There’s an article in today’s Observer entitled “Britain’s photographic revolution“, which, as it only mentions the work of large institutions based in London, should be entitled either “London discovers photography” or “London ratifies photography”. I’m surprised by the multiple shortcomings by the usually lucid Sean O’Hagan.

In the piece Sean describes how large London institutions have (quite late) embraced photography: V&A have opened a photography room, the Tate has a photography curator, the currently closed Photographers’ Gallery is being refurbished into a larger space, some commercial art galleries sell photography. As Foto8’s twitter commented: “Bravo! Tate appoints photo dir, Frieze sells more photos, TPG gets funding to renovate…”Britain discovers photography”!”

This might be all good for a London tube-riding commuter who can go to bed sleeping at ease with the knowledge that London is again riding the first wave of art. They will also go to bed without knowing anything about the photographic scene of the whole of Britain, which includes a good number of galleries, museums that display photography, festivals and more. Hereford Photography Festival has been going for a few decades, the Brighton Biennial is a major event, Photoworks has been publishing work for years, Side Gallery, Ffotogallery and Open Eye (who are expanding) all came to existence in the 70’s bringing the first, patchy, almost UK-wide interest in photography in public display. Ignoring this heritage is pretty much insulting and I’m missing most of it (festivals in Belfast, galleries in Edinburgh, etc.).

Also, this article completely ignores the influence of… well, you! Revolutions are not led by large institutions in five year plans. The appointment of photography curators is the result of a photography revolution taking place elsewhere, not the leading factor in one. Increased interest on the internet, the odd big exhibition that does very well, the explosion in photobooks published, etc. Ignoring this fact is ignoring your influence as a reader, and whatever futher influence you might have by being/becoming a publisher, photographer, critic, gallerist, whatever. Revolutions are jerky, sudden, and spread. They have to be simple enough for any to embrace and become a player. What this article describes is not a revolution, but the final ratification of photography in London.

Rant from my dining room over, and off to the National Museum of Wales to check on the photography collection.

  • Wait, there’s been a revolution in British photography?!? Did we photograph it? With iPhone set to Hipstamatic?

    If not, it totally didn’t happen.

  • Go Joni, you da man.

  • There’s been a second article and quite a funny comment attached to it.

    Sean O’Hagan: As I wrote in the Observer on Sunday, Britain’s photography scene finally seems to be catching up with the US.

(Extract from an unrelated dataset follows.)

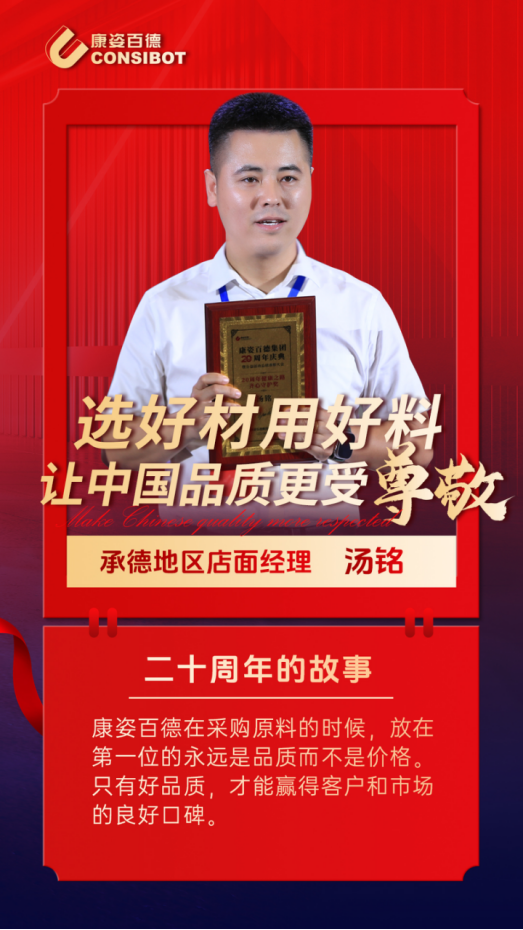 今年是康姿百德集團成立20周年。在20年的發(fā)展歷程中,涌現(xiàn)出一大批在生產(chǎn)發(fā)展、原料采購、質(zhì)量管控、經(jīng)營管理、售后服務等各個領域立足崗位、奉獻建功的優(yōu)秀代表。讓我們一起看看這些榜樣故事。本期帶你走進康姿百德承德地區(qū)店面經(jīng)理湯銘。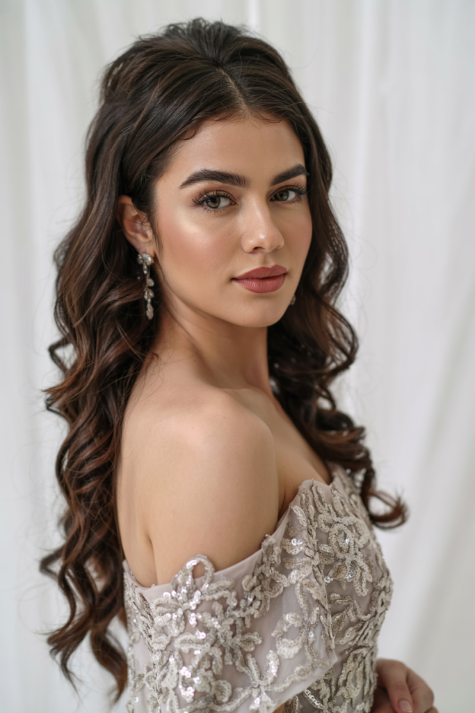 This half up half down style is a natural beauty with full dark brunette wavy hair framing the face with exquisiteness. The little pick up at the crown makes it finished without removing any of the easy, romantic feel of the hair. It is the type of style that allows your personality to spark.

    Microcord: No you didn’t. You wrote that London’s big gallery/museums seemed to be catching up with New York’s. (As I read and thought about what that entailed, I concluded that London’s “photography scene” was sinking to New York’s. But of course that’s a matter of opinion. After all, many people appear to be thrilled by talk of monster names, monster prints, and monster prices.)

    It’s all here:

  • These are tough times for newspapers and journalists need expenses if they are to cover stories away from their offices. I think you are being a little unfair as they obviously did get the corporate Oyster Card out at least twice – the Tate Modern is on the other side of the river you know.